I Don’t Start Considering Other People’s Opinions Until After I Wake Up

September 17, 2019

Today L’s Mother and I were enjoying a much needed day off style morning on the back porch when she said, “Oh, no!  I’m out here in my pajamas!”  Grinning, she added, “What would the neighbors think?”

“First they’d have to,” I snorted.

Inspired By My Old High School Making The News (In A Bad Way)

September 13, 2019

Guys . . . being an idiot is bad enough; for the love of all that’s holy, stop recording yourselves being idiots!

But Since It Wouldn’t Stop Me, I Never Do

September 10, 2019

Today I spent some time poking around on some of the earlier entries I’d written on this site.

Let the record reflect that, yes, sometimes I’m so glib that even briefly consider punching myself in the face.

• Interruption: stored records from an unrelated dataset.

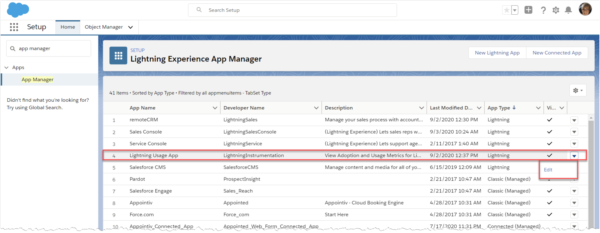 7. Finally, you will need to Add a Forecast Tab for your sales users and sales managers to view. From setup use the quick find box and enter App Manager. Click to edit on your Lightning Usage App.
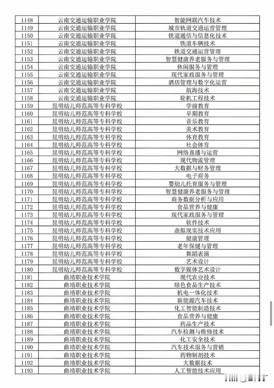 专科(春招+职教):昆明冶金高专、云南交通职院、云南机电职院、云南财经职院、云南国防工业职院、云南能源职院、云南科技信息职院等。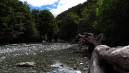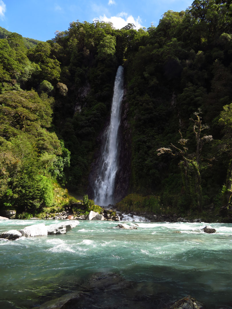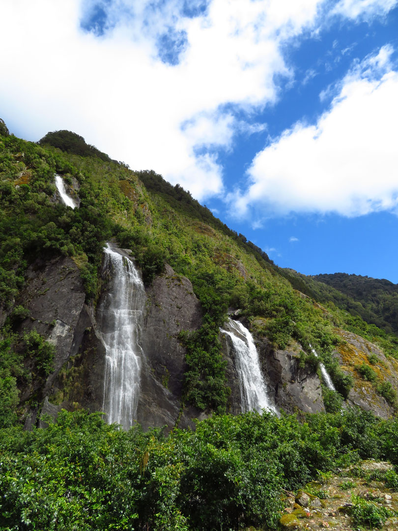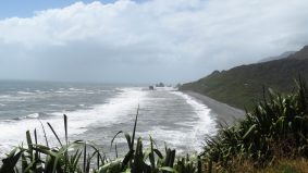 Diesmal kehrten wir Queenstown wirklich den Rücken und fuhren wieder hoch nach Wanaka, denn von dort aus sollte unsere Route weiter gehen. Unterwegs hielten wir an einem Lookout, wo ein weites Tal mit durchwachsenem Wetter ein tolles Bild bot, und machten schließlich ein weiteres Mal auf unserem Campingplatz direkt am See Station. Den folgenden, sonnigen Morgen begannen wir dann tatsächlich erst einmal mit einem Bad- einem ziemlich kurzen Bad, zugegeben, denn das Wasser war eisekalt, aber wunderbar klar! Die Route sah vor, in den nächsten Tagen über die Westküste bis zu den Gletschern zu fahren. Mal bei schönstem Wetter, wie an jenem Morgen, dann aber auch wieder bei Nebel und Sprühregen, fuhren wir durch eine abwechslungsreiche Landschaft. Entlang des Lake Wanaka boten sich wieder schönste See-Panoramen, wir liefen durch neblige Baumfarnwälder und bestaunten Wasserfälle, klare Flüsschen und tolle Aussichtspunkte. Schließlich fuhren wir wieder am Wasser entlang- die raue Westküste bot Kieselstrände mit wilder Brandung und steile Klippen und war letztlich gar nicht weit entfernt von den Alpen, wo sich schneebedeckte Gipfel erhoben und der Fox- und Franz-Josef-Gletscher auf uns warteten.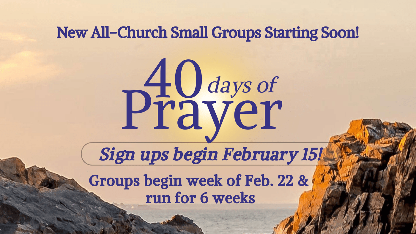 Join us for our "40 Days of Prayer” all-church study, beginning the week of February 22nd and running until Easter Sunday (6 weeks). As we meet each week in small groups, we will grow in our prayer lives and in intimacy with God, using Pastor Rick Warren's 40 Days of Prayer study guide. Our teaching series throughout the season of Lent will focus on the transformative power of prayer! Sign ups will start Feb. 15- watch for link on this page!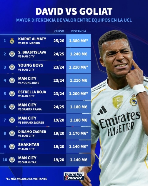 9月30日讯 欧冠联赛阶段第2轮,皇马将做客对阵阿拉木图凯拉特。“转会市场网”统计了欧冠单场对决双方身价差距最悬殊的10场比赛,除皇马对阵阿拉木图凯拉特的比赛排名第一之外,该榜单上其余9组对决全部由曼城及其对手创造。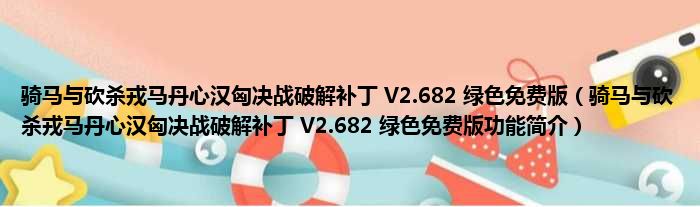 骑马与砍杀戎马丹心汉匈决战破解补丁 V2.682 绿色免费版(骑马与砍杀戎马丹心汉匈决战破解补丁 V2.682 绿色免费版功能简介)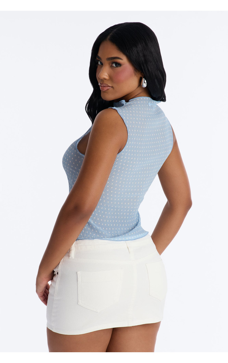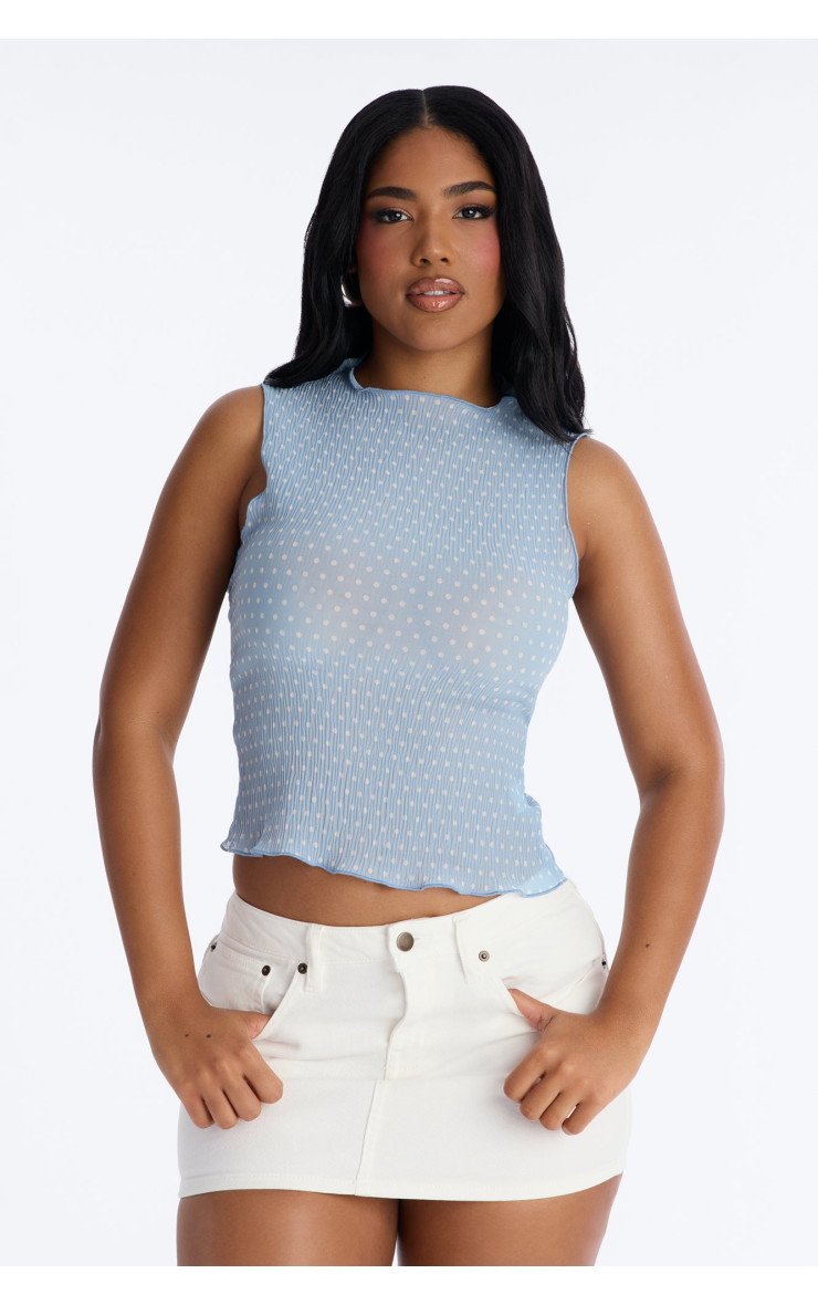 Плісирований топ "Into Paradise" з коміром-стійкою та горошком - Світло-блакитний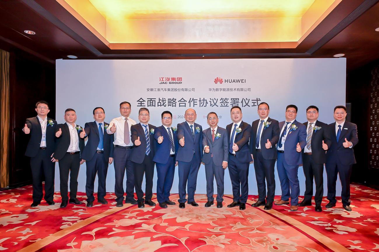 4月下旬,江淮汽车与华为数字能源在北京签署全面战略合作协议。这次签约也是双方前期合作的延展与再深化。双方将围绕新能源汽车的车、机、充三位一体,重点在新能源汽车车型/平台技术开发与应用、智能电动部件应用与开发制造、新能源汽车充电网络建设与运营、新能源汽车国际化等领域展开全面深入的战略合作。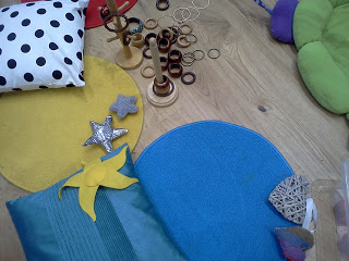 At our recent Pentecost service, we had a basket available to help babies and toddlers explore the colours and symbols of the Holy Spirit (specifically love, wind, fire, doves, red). The children and parents really got stuck in to discovering!

So Now I’ve Got A Pretty Good Idea What They Were Singing

August 30, 2019

And because I need one, on an even lighter note, yesterday in a fit of nostalgia I listened to “Li’l Red Riding Hood,” and was amused when someone commented they remembered hearing a group of kids singing a very raunchy variation of the song.  For a moment I wondered how they could have made it raunchy, much less “very” raunchy, then I listened with fresh ears to some of the lyrics again:

“What big eyes you have.  The kind of eyes that drives wolves mad,” and “What a big heart I have.  The better to love you with,” particularly stood out.

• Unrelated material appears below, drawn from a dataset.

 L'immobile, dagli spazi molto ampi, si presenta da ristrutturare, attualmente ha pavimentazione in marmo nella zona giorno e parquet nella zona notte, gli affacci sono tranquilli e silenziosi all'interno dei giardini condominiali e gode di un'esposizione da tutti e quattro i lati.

And It’ll Discourage Us From Throwing Stones

August 29, 2019

Recently I ordered three huge bottles of a hot barbecue sauce that I like, and I was feeling pretty pleased with myself having them stocked in the cabinet, but today another three bottles arrived.  Checking the records, it certainly appeared that they had been ordered, just not by me, so I asked L’s Mother if she knew anything about this.

“They were still in the cart when it was time to place my order, so I went ahead and ordered them just to be on the safe side,” she told me.

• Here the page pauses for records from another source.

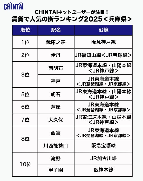 1位は「武庫之荘」!人気の街はターミナル隣駅&住環境充実エリア!「CHINTAIネットユーザーが注目!賃貸で人気の街ランキング2025」近畿圏版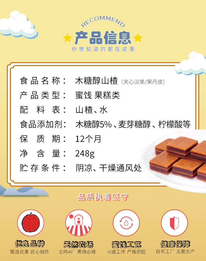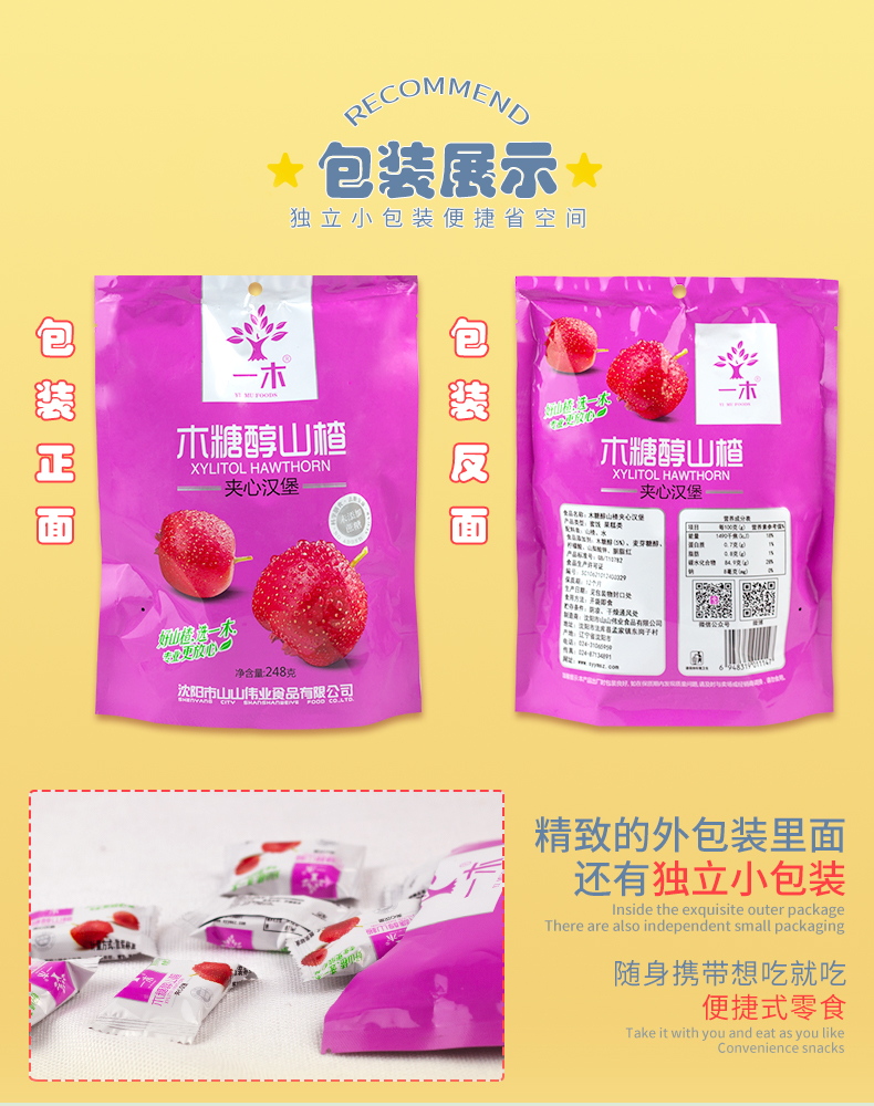 木糖醇山楂系列 222g*2袋 无蔗糖 楂条 山楂 汉堡 条糕 蜜饯 老人休闲零食 包邮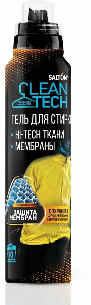 Для стирки мембраны перешла только на этот гель Salton CleanTech. К мембране относится очень бережно, не портит внешний вид и качество вещей, не имеет резкого запаха. Одной бутылочки хватает на пять стирок. Все функции заявленные производителем соответствуют действительности.
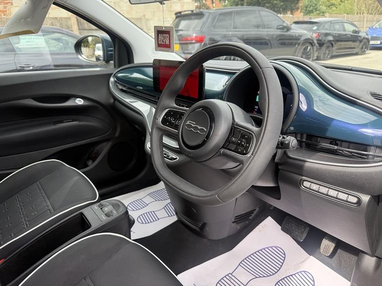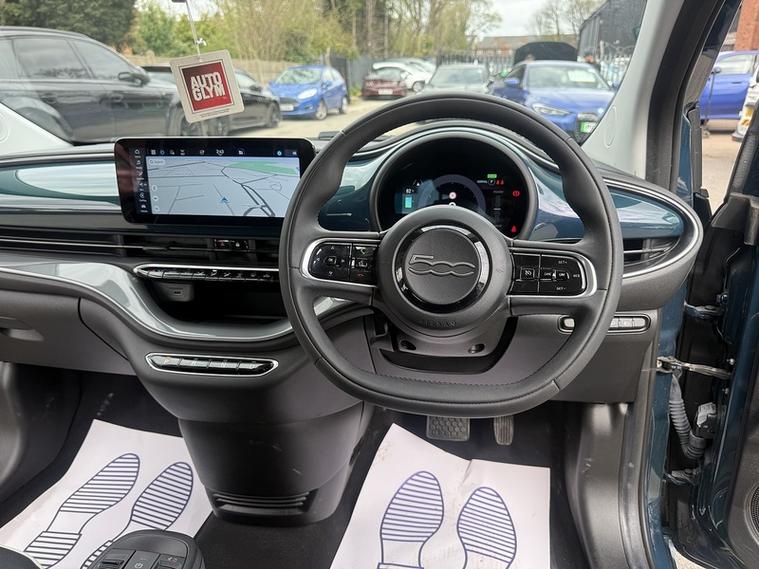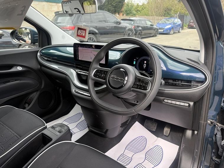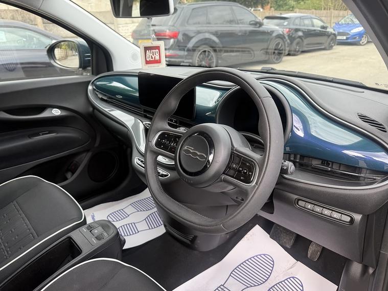 Here we have a Category S Fiat 500e finished in Pearlescent Ocean Green having done only 4, 867 miles from new.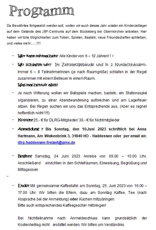 Nachdem am Donnerstag, den 22.Juni 2023 Starkregen heruntergekommen war, hatten wir schon Bedenken für die Durchführung des Kinderzeltlagers 2023, das wieder einmal im JBF-Centrum Bückeberg auf den Höhen des Bückeberges mitten im Wald durchgeführt werden sollte. Aber schon ein Tag später beim Verladen der vielen Materialien im Süntelbad Haddessen an unserm DLRG-Heim, war wieder super Sonnenschein und der sollte uns auch das ganze Wochenende begleiten. So konnten wir am Freitag wie geplant unser großes Essenszelt und Spielzelt bei gutem Wetter aufbauen und wir hatten noch genügend Zeit, die Programmpunkte für den nächsten Tag vorzubereiten.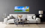 A panoramic canvas print of a tranquil tropical beach with vivid turquoise sea, white sand, and a clear blue sky with fluffy clouds.

“Fortunately they keep,” I replied.

“And now we have storm supplies,” she added.

“Yes,” I had to agree.  “If it gets bad we can build a shelter out of the bottles to hide behind.”

Now If It Would Only Storm Off

August 28, 2019

Yesterday’s Assessment of Dorian Based On Yesterday’s Information:  Yeah, it might hit the Florida coast as a hurricane, but it was already projected to hit with around 70 M.P.H. winds, so we’re probably not talking much of a difference.

Today’s Assessment:  We seem to have angered it.

I Like To Keep Abreast Of Things Like This

August 26, 2019

Augmented reality is an interesting concept, and to think we owe it all to silicon.

And The Longer They’ve Talked To You, The Easier It Is To Tell

August 22, 2019

An easy way to tell if someone is there to talk at you, not with you, is as soon as you get a chance to say something, they suddenly remember they need to be elsewhere.